I have often wondered exactly what the quality of being “meek” is all about. I think about the Magnificat – the song that Mary sang as recorded in the gospel of Luke - “My soul magnifies the Lord, and my spirit rejoices in God my Saviour…”
he has scattered the proud in the imagination of their hearts
he has put down the mighty from their seat, and has exalted the humble and meek.
Contary to common wisdom, the meek are the realists. They are contrasted by Mary with those who are proud in the imagination of their hearts. I do not think “imagination” is used here in the positive, creative sense. I think it is rather about having a false notion of who or what one is.
We sometimes have a great deal of angst around issues of ‘finding ourselves” (thereby acknowledging that we are “lost”?). The proud are not realists – they live in an imaginary world of their own making. I can imagine myself to be a certain kind of person. The reality of my imagining finds its limit when I bump up against real people in my life. They tell me the truth about myself. Hopefully, this “truth telling” is helpful. Helpfully, this “truth telling’ is hopeful. The truth of who I am is most evident when I bump up against The Person. I need to know the truth of who I am before God - that is part of what we are doing this lent.
How then do I become real?
Jesus, in being meek, did not consider his own “needs” first.
We sometimes think that the Christian life is about putting others first and ourselves second. It is not. It is about putting others first and not keeping score to see if I came in second. That's the example we are given.
I HAVE found myself. We talk alot about being a complete person all to yourself and everything else is just bonus: a wife, friends, community, etc. I have discovered that I AM complete all to myself, and all those things are nice bonuses. But, being complete means being utterly broken; constantly. My life is not an emotional plane, with some dips and rises, with an overall trend of stability and levelness. I am constantly in the process of being destroyed and remade. It is incredibly painful.
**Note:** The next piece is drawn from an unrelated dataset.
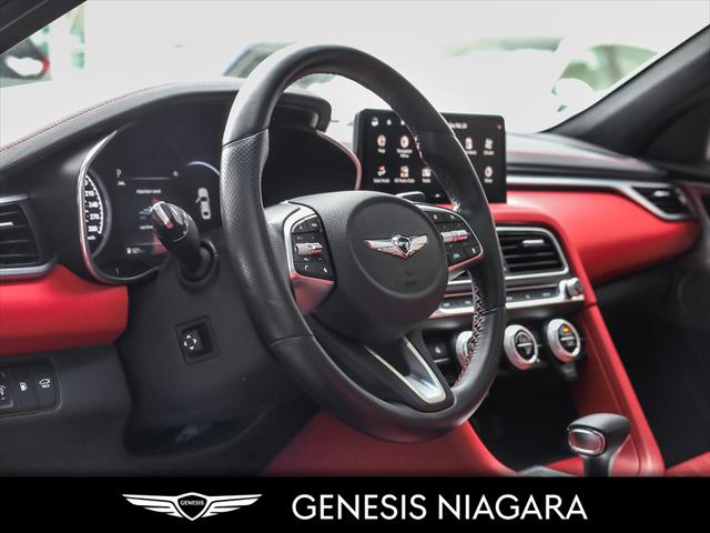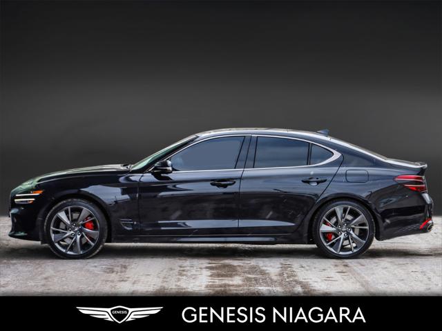 This 2023 G70 3.3T Sport is a high-performance standout featuring a powerful twin-turbo engine and exclusive sport-tuned components. 3.3L Twin-Turbo V6 engine (365 HP / 376 lb-ft torque) Sport-tuned Electronically Controlled Suspension Limited Slip Differential (LSD) & Brembo Braking System Variable Exhaust Valve with Dual Oval Outlets 19-inch Sport Aluminum Alloy Wheels with Summer Tires Nappa Leather Seating with Sport Quilting Head-Up Display (HUD) Surround View Monitor & Blind-Spot View Monitor 15-speaker Lexicon Surround Sound Audio System Microfibre Suede Headliner Q: Do you accept trade ins and is there a cost for an appraisal? Yes we accept trade ins of all makes and models. At Genesis Niagara your vehicle appraisal is completely complimentary. Our management team evaluates your vehicle using current market data condition history and demand to provide a competitive and transparent value. There is no obligation just clear information to help you make a confident decision. Q: I cannot come to the dealership right now but I need a trade value. What should I do? We understand that schedules can be busy. Simply contact our team by phone or email and provide your vehicle details including mileage and photos. We will provide a preliminary market estimate so you can move forward comfortably. When it is convenient for you we will confirm the value with a brief in person review. Q: My vehicle is not a Genesis. Can you still appraise it? Absolutely. We regularly appraise domestic import luxury SUV truck and sedan models of all brands. Our experience in the pre owned market allows us to confidently evaluate virtually any vehicle and provide a fair and competitive offer. Q: Why purchase from Genesis Niagara? Genesis Niagara is committed to delivering a refined transparent and customer focused buying experience for drivers across Ontario. Our 4.8 star Google rating reflects our dedication to exceptional service and professionalism at every step. We offer conveniences such as at home test drives and a straightforward pricing approach designed to make your purchase simple and comfortable. As part of Performance Auto Group one of Ontarios most established and trusted automotive groups you can purchase with added confidence knowing you are supported by a reputable organization with deep industry experience. We are proud supporters of charitable initiatives such as United Way and remain committed to giving back to the communities we serve. Our goal is simple. Provide honest guidance premium service and a purchasing experience that exceeds expectations. Experience the Genesis Difference at Genesis Niagara Refinement doesnt stop at performance; it extends to every aspect of your ownership journey. At Genesis Niagara every touchpoint is centred around you. From convenient at-home test drives and seamless online ordering to our transparent All-Inclusive One Price Promise every detail is designed to elevate your experience. Enjoy thoughtful ownership benefits like complimentary scheduled maintenance and valet service. Visit us today at 332 Ontario Street in St. Catharines right off the QEW. Performance Auto Group's mission is to make car buying easy. We are passionate about innovating so that your experience in any of our dealerships is quick and enjoyable. Youll enjoy working with our friendly teams who are always available to help you make an informed decision. Purchase confidently with our industry-leading transparency tools that provide unprecedented information about the history and condition of our cars. Drive with confidence knowing that we have the most rigorous inspection and reconditioning process in the country handled by our team of factory-trained technicians. We invite you to experience the difference - at Performance Auto Group.
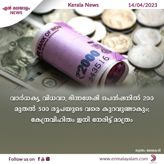 വാര്ധക്യ, വിധവാ, ഭിന്നശേഷി പെന്ഷനില് 200 മുതൽ 500 രൂപയുടെ വരെ കുറവുണ്ടാകും; കേന്ദ്രവിഹിതം ഇനി നേരിട്ട് മാത്രം

But, I think that is the way it has to be, since whatever I am being made into is more beautiful than the last evolution, and he who is in control of said evolution is a much better designer than I could ever be. I wonder if we can TRULY engage life and existence in this world, full of relationships, challenges and lattes, and be "stable." I am starting to think that perhaps these "stable" or "healthy" people are the ones that are insulating themselves from the reality of life. Perhaps...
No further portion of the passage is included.